**Work task:**
A word-for-word copy of the data is what's wanted, with no pictures.

**Supplied data:**
- - - -

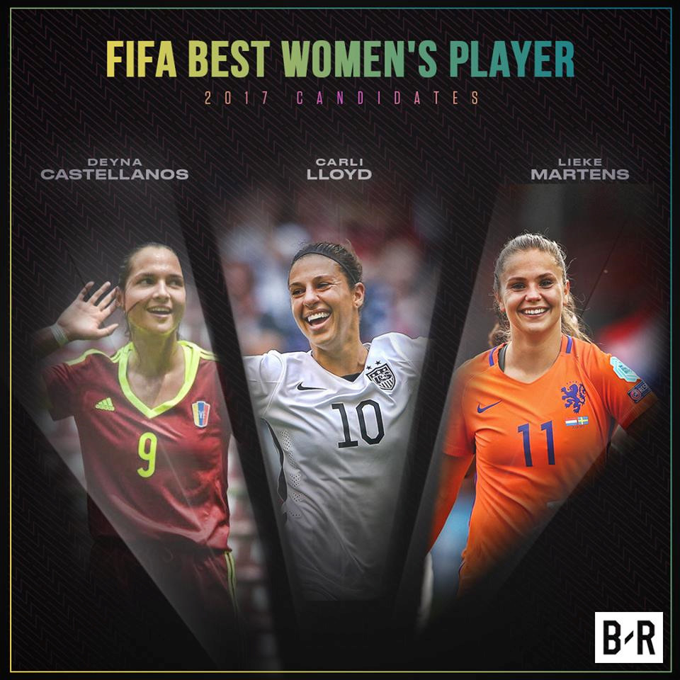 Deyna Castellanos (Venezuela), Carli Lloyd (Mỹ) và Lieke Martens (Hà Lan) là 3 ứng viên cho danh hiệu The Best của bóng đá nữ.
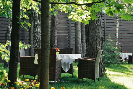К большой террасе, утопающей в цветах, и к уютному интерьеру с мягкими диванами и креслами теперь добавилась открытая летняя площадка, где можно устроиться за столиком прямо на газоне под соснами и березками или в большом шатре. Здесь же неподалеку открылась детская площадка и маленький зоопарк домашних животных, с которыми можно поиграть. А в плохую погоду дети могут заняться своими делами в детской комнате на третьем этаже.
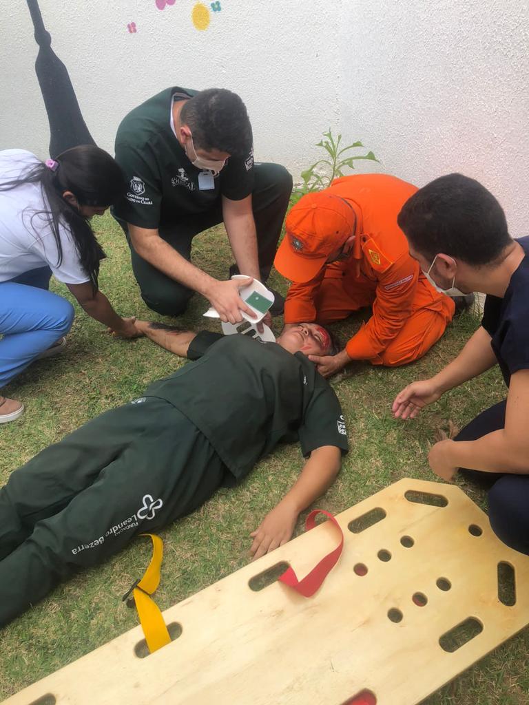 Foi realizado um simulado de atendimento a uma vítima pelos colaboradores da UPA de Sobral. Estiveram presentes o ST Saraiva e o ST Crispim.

- - - -

**Solution to the problem:**
 Deyna Castellanos (Venezuela), Carli Lloyd (Mỹ) và Lieke Martens (Hà Lan) là 3 ứng viên cho danh hiệu The Best của bóng đá nữ.
К большой террасе, утопающей в цветах, и к уютному интерьеру с мягкими диванами и креслами теперь добавилась открытая летняя площадка, где можно устроиться за столиком прямо на газоне под соснами и березками или в большом шатре. Здесь же неподалеку открылась детская площадка и маленький зоопарк домашних животных, с которыми можно поиграть. А в плохую погоду дети могут заняться своими делами в детской комнате на третьем этаже.
 Foi realizado um simulado de atendimento a uma vítima pelos colaboradores da UPA de Sobral. Estiveram presentes o ST Saraiva e o ST Crispim.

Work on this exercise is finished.